# [Task description]
Everything in the data should be repeated exactly, save for the images.
[Opening Dataset excerpt section]
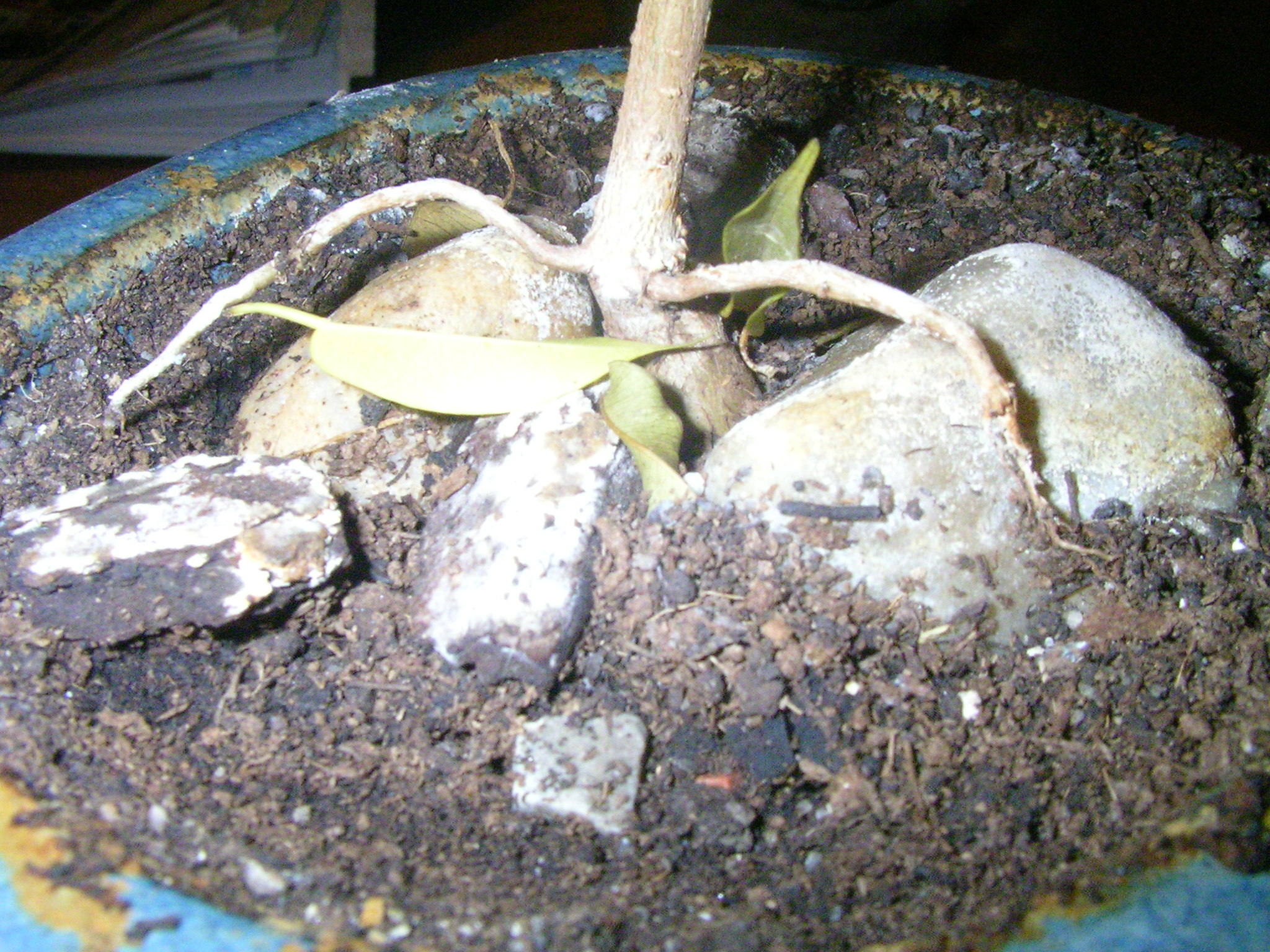 Durch das Befestigen und Versenken der Wurzel am Stein wird diese dann um den Stein herum wachsen. Wenn du dann mit deinen Baum zufrieden bist, der Stamm dick genug ist, und du ihn in die Schale pflanzen willst, dann versenkst du den Stein nicht mehr komplett, sonder er wird aus der Schale herausragen, und die Wurzeln werden sich dann sichtbar um ihn gelegt haben
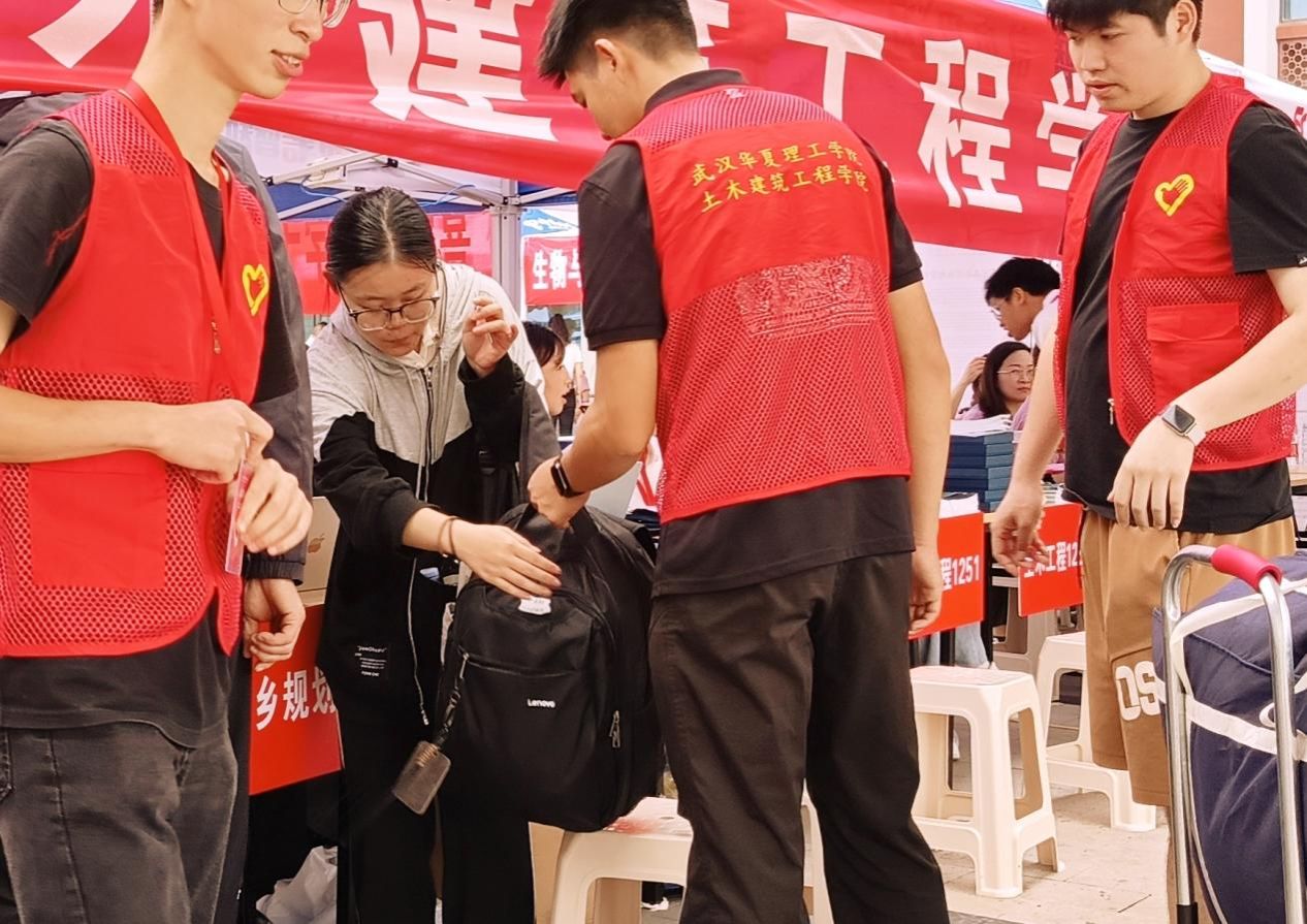 步入迎新现场,属于土建学子浪漫的红色横幅格外醒目,形态各异的迎新展板光彩夺目。身着红色 “土建学院志愿者”马甲的学长学姐们早已整装待发,他们化身“校园向导”,主动上前接过新生手中的行李,一边帮着搬运行李,一边耐心讲解报到步骤:“同学别着急,先在这边登记信息,再去旁边领取宿舍钥匙,有不清楚的随时喊我!” 亲切的话语、热情的身影,瞬间驱散了新生初来乍到的陌生感。
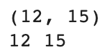 - (12, 15)와 같이 튜플 형태로 대입해도 튜플이 생성된다. (괄호를 생략해도 무방하다)
[Closing Dataset excerpt section]
# [Task output]
 Durch das Befestigen und Versenken der Wurzel am Stein wird diese dann um den Stein herum wachsen. Wenn du dann mit deinen Baum zufrieden bist, der Stamm dick genug ist, und du ihn in die Schale pflanzen willst, dann versenkst du den Stein nicht mehr komplett, sonder er wird aus der Schale herausragen, und die Wurzeln werden sich dann sichtbar um ihn gelegt haben
 步入迎新现场,属于土建学子浪漫的红色横幅格外醒目,形态各异的迎新展板光彩夺目。身着红色 “土建学院志愿者”马甲的学长学姐们早已整装待发,他们化身“校园向导”,主动上前接过新生手中的行李,一边帮着搬运行李,一边耐心讲解报到步骤:“同学别着急,先在这边登记信息,再去旁边领取宿舍钥匙,有不清楚的随时喊我!” 亲切的话语、热情的身影,瞬间驱散了新生初来乍到的陌生感。
 - (12, 15)와 같이 튜플 형태로 대입해도 튜플이 생성된다. (괄호를 생략해도 무방하다)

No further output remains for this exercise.